* **About this exercise**
Please output, exactly and without pictures, the lines from the opening of the listing below through the line containing "Coll: JJ: Orecchini", both included.

** Opening Information provided block **

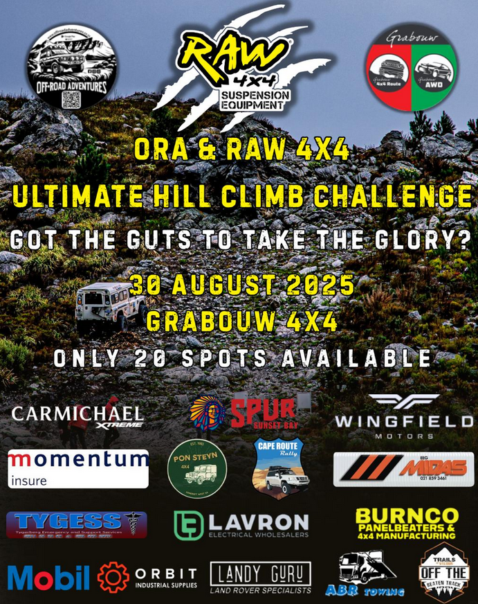 Date: Saturday, 30 August 2025Venue: Grabouw 4×4Contact: 076 654 9381 | offroadadventuresza@gmail.com Off Road Adventures and Grabouw 4×4 proudly present
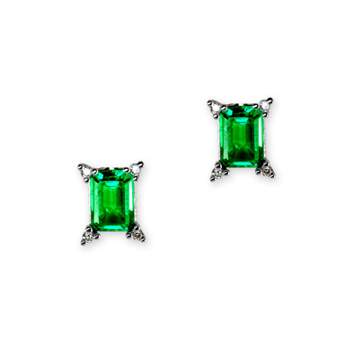 Coll: JJ: Orecchini in Oro con diamanti e p.n.ric. - Ct. 0,08 gr.2,00 Smeraldo Nat. Ricristallizzato ct.1,64
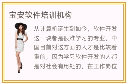 从计算机诞生到如今,软件开发这一块都是很难学习的专业,中国目前对这方面的人才是比较看重的,因为学习软件开发的人都是对社会有用处的,在工作岗位中最离不开的就是电脑,而把软件开发专业学好的话会帮助更多的人,会完成你自己的梦想。软件编程辅导班真的有用吗,多数网络辅导班的课程都非常有用,原因在于这些学校的教育水平不错,内容也十分全面,更注重同学的理论和应用,所以同学可以把各种书本的内容掌握到位,能够带来非常好的变化,学习效果也相当有保障。宝安软件培训学校的机构在办学成果优良的有:宝安北大青鸟,中软卓越,达内教育等。但若得到老师的指点,便可接触更多软件开发的应用,也能了解软件开发时需要的技能。而正因为宝安软件开发培训水平高,宝安软件开发培训班也自然很多,这导致一些去宝安学习软件开发的人来说有利有弊。

** Closing Information provided block **

* **Answer box**
 Date: Saturday, 30 August 2025Venue: Grabouw 4×4Contact: 076 654 9381 | offroadadventuresza@gmail.com Off Road Adventures and Grabouw 4×4 proudly present
 Coll: JJ: Orecchini in Oro con diamanti e p.n.ric. - Ct. 0,08 gr.2,00 Smeraldo Nat. Ricristallizzato ct.1,64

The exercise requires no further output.